(Beginning of Data for review)
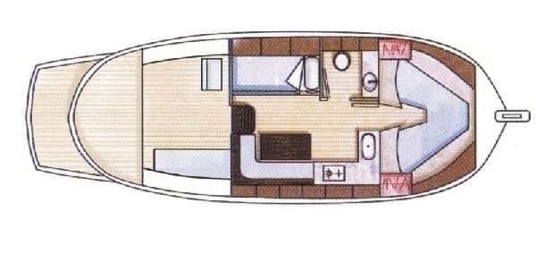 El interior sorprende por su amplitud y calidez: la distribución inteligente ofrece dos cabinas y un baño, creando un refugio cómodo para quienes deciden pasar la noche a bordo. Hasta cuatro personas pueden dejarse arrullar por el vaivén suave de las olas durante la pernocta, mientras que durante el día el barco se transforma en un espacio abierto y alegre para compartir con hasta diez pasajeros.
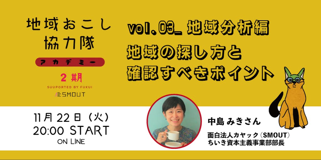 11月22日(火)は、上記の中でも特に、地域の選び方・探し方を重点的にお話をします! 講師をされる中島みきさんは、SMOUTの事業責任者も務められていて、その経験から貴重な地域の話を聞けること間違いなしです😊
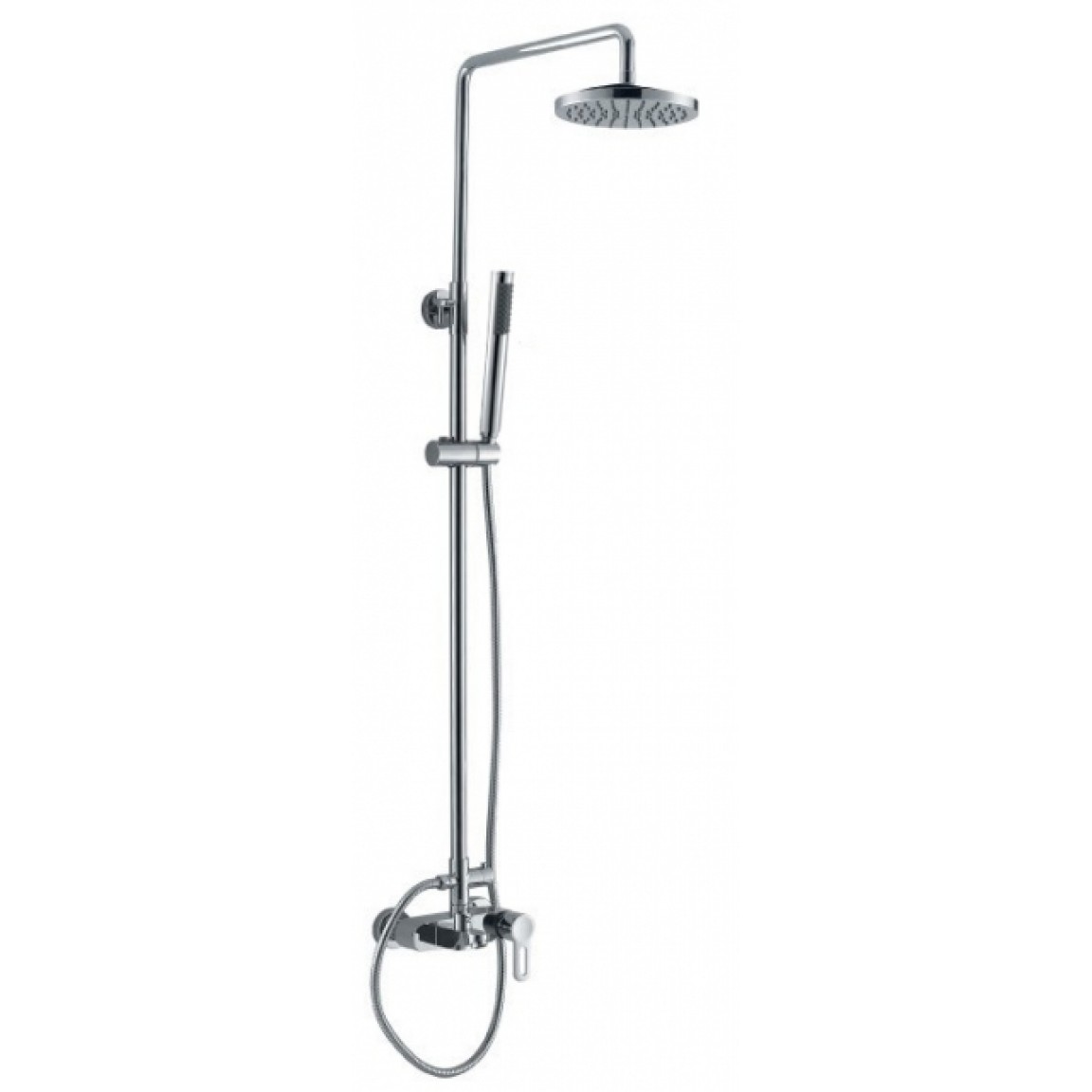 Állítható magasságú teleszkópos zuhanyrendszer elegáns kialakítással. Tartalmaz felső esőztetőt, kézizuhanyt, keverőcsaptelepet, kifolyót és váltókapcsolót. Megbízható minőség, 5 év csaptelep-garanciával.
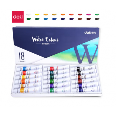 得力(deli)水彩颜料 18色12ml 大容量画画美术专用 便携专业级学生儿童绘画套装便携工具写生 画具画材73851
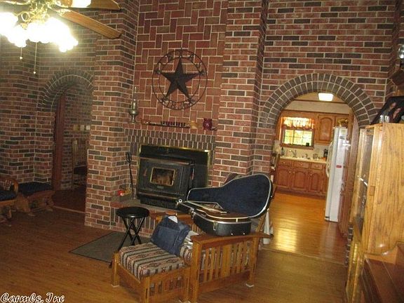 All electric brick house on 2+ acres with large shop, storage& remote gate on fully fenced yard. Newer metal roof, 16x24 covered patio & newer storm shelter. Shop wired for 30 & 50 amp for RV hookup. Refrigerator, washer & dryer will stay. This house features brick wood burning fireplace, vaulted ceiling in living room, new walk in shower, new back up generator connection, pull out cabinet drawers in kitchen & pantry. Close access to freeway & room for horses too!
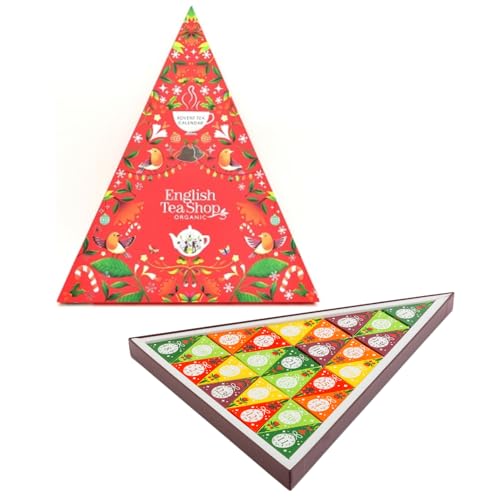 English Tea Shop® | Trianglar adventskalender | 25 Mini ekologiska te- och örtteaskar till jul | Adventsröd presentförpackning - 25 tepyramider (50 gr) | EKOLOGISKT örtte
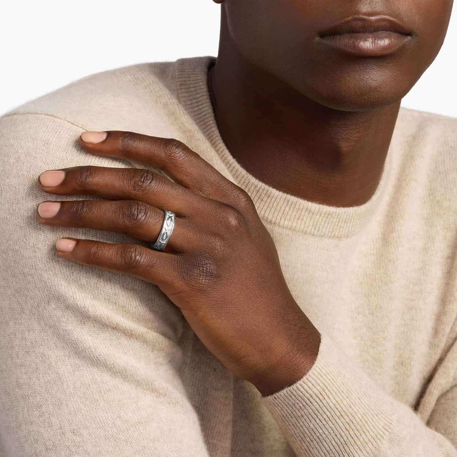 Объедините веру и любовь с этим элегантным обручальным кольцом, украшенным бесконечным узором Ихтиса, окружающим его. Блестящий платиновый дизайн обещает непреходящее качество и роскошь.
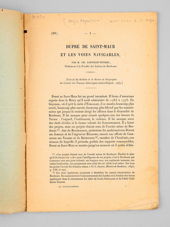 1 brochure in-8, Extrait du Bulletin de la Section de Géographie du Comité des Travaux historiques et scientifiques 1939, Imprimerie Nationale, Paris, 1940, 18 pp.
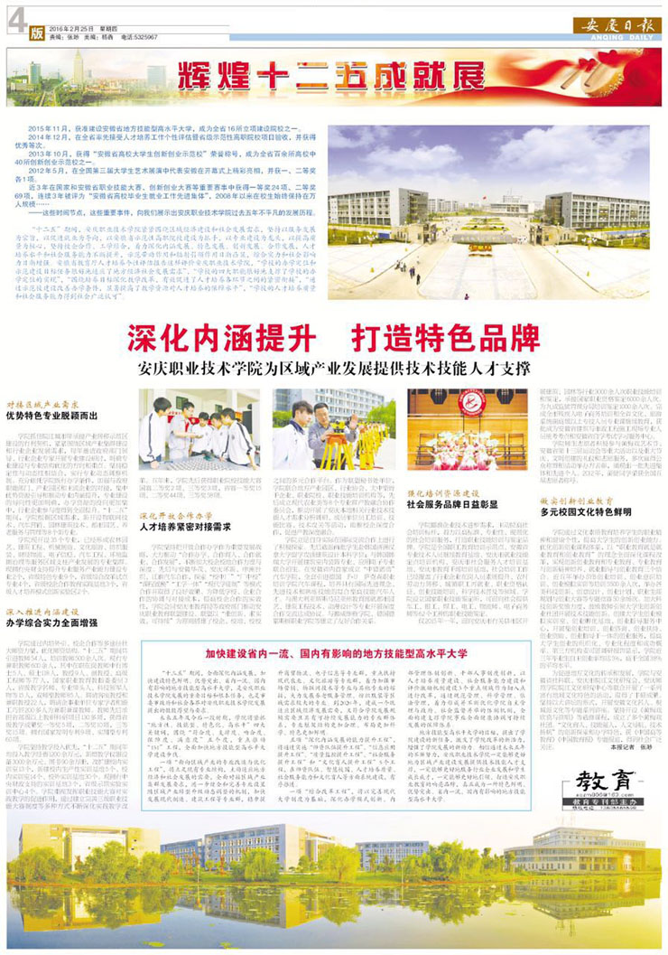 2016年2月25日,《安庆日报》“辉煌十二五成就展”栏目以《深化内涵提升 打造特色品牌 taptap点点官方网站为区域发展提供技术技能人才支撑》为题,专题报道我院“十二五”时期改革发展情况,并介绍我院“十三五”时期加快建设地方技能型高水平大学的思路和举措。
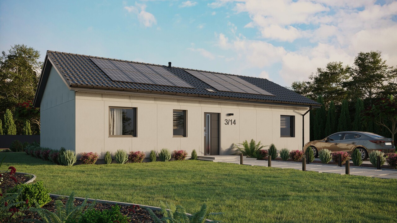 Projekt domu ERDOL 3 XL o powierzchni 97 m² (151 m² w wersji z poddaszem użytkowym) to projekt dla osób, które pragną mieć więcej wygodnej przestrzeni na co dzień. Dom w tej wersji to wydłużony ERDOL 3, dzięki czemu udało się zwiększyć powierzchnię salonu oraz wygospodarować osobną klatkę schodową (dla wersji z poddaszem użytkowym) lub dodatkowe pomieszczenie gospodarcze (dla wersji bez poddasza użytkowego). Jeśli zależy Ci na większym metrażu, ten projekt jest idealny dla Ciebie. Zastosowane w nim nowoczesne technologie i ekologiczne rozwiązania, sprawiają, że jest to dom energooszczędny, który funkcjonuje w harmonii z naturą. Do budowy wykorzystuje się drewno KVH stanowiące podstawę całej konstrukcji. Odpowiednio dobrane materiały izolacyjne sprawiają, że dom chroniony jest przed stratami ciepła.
(End of Data for review)
(Beginning of Data for review)
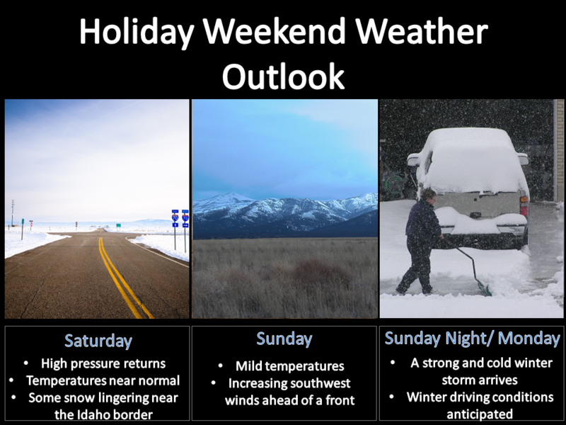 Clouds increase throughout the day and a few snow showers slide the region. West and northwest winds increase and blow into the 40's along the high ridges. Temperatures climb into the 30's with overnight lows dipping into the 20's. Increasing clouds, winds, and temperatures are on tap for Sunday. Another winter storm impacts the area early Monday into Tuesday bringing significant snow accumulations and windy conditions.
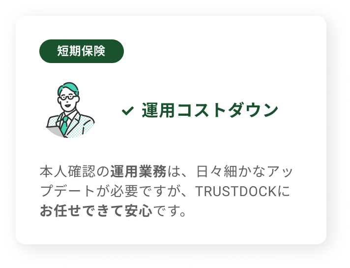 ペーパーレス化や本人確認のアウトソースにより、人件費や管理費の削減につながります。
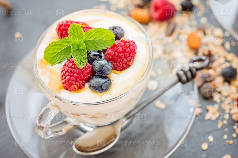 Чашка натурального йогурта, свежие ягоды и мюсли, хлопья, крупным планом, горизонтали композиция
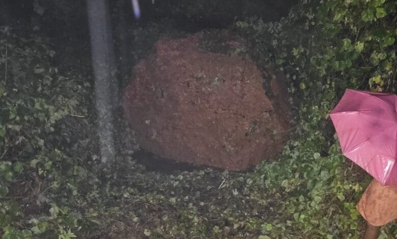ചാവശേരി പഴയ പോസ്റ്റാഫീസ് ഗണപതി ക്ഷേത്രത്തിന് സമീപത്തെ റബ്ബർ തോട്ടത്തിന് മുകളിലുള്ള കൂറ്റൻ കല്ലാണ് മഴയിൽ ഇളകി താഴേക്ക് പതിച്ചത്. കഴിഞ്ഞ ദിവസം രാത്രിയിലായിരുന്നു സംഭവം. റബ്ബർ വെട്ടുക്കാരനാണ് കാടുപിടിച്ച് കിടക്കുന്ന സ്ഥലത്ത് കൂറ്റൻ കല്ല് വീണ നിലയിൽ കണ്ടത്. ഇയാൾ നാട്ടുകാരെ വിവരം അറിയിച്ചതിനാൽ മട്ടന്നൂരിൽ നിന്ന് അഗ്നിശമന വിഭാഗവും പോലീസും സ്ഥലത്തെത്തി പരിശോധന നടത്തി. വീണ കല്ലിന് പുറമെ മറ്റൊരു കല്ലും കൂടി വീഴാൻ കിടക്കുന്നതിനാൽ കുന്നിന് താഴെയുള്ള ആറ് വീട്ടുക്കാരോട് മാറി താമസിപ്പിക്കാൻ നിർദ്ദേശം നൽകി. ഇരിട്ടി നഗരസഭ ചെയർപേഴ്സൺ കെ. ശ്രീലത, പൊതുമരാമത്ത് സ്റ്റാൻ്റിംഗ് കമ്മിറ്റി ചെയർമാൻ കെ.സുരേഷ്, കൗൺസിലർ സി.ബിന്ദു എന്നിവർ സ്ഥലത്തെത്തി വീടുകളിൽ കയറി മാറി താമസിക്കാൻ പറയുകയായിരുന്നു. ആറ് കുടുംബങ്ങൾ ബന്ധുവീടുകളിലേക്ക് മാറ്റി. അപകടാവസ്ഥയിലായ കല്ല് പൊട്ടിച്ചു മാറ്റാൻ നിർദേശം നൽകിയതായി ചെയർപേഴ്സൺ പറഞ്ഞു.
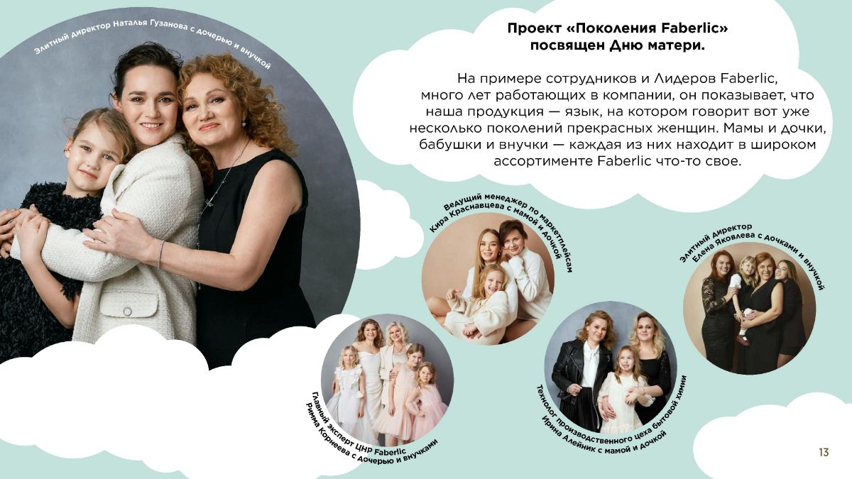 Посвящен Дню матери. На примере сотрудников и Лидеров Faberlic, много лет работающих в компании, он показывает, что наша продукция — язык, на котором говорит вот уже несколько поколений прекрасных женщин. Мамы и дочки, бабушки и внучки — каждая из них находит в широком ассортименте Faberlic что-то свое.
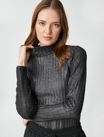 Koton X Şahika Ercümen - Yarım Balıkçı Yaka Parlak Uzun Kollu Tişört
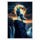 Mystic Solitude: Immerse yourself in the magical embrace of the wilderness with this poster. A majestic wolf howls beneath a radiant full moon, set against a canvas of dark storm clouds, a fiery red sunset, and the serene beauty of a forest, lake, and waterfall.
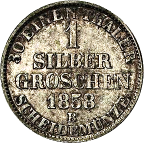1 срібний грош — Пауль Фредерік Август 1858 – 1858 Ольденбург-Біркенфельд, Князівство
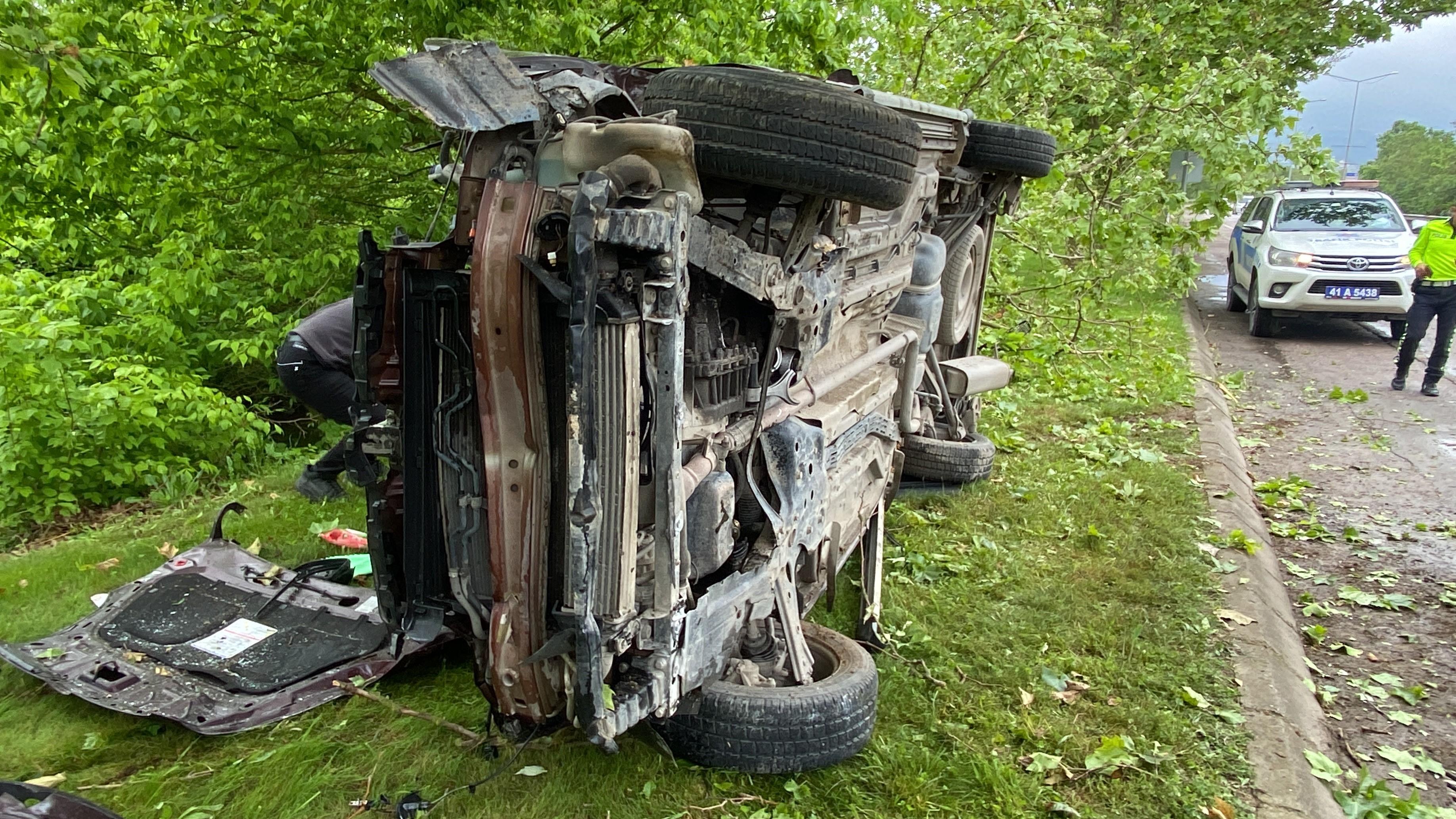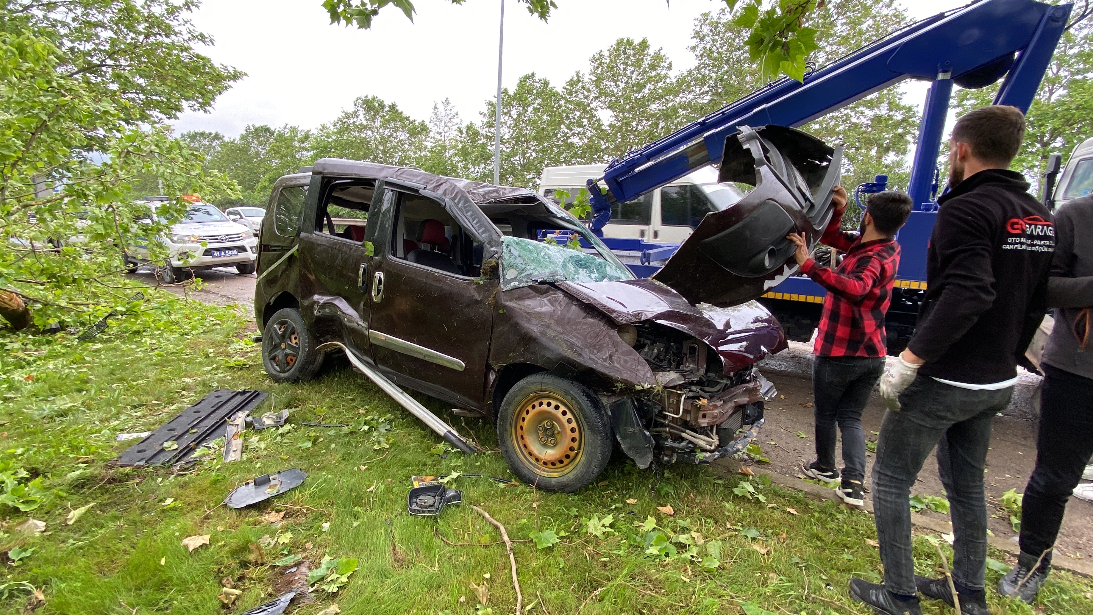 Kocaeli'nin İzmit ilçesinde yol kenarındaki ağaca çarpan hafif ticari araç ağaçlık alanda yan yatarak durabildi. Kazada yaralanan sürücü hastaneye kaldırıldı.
(End of Data for review)
(Beginning of Data for review)
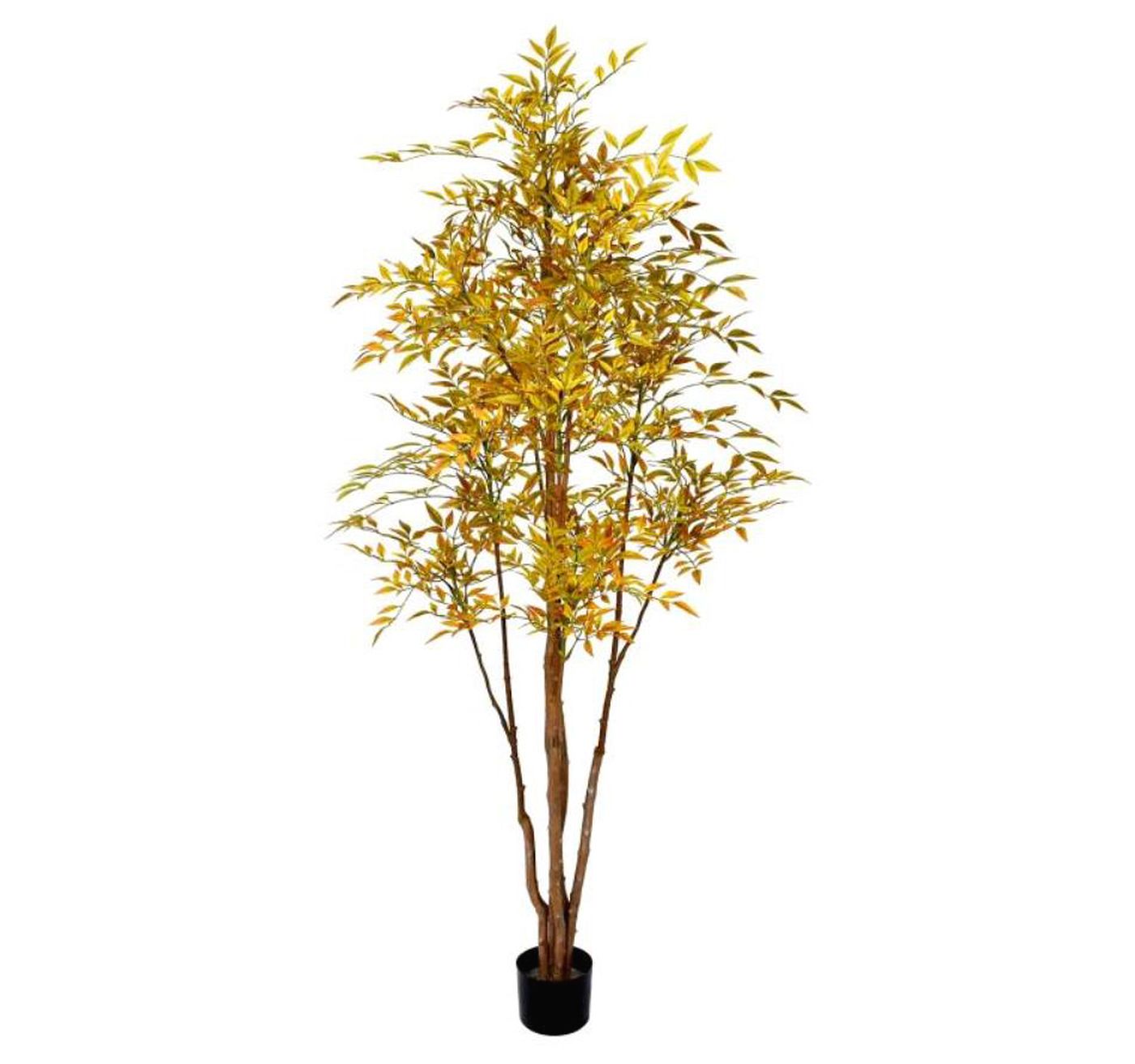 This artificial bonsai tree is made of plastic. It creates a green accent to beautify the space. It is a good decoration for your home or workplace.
(End of Data for review)
Give exactly the lines above that run from the line with "Посвящен Дню матери." to the line with "Kocaeli'nin İzmit ilçesinde", both included, leaving every picture out.

 Посвящен Дню матери. На примере сотрудников и Лидеров Faberlic, много лет работающих в компании, он показывает, что наша продукция — язык, на котором говорит вот уже несколько поколений прекрасных женщин. Мамы и дочки, бабушки и внучки — каждая из них находит в широком ассортименте Faberlic что-то свое.
 Koton X Şahika Ercümen - Yarım Balıkçı Yaka Parlak Uzun Kollu Tişört
 Mystic Solitude: Immerse yourself in the magical embrace of the wilderness with this poster. A majestic wolf howls beneath a radiant full moon, set against a canvas of dark storm clouds, a fiery red sunset, and the serene beauty of a forest, lake, and waterfall.
1 срібний грош — Пауль Фредерік Август 1858 – 1858 Ольденбург-Біркенфельд, Князівство
 Kocaeli'nin İzmit ilçesinde yol kenarındaki ağaca çarpan hafif ticari araç ağaçlık alanda yan yatarak durabildi. Kazada yaralanan sürücü hastaneye kaldırıldı.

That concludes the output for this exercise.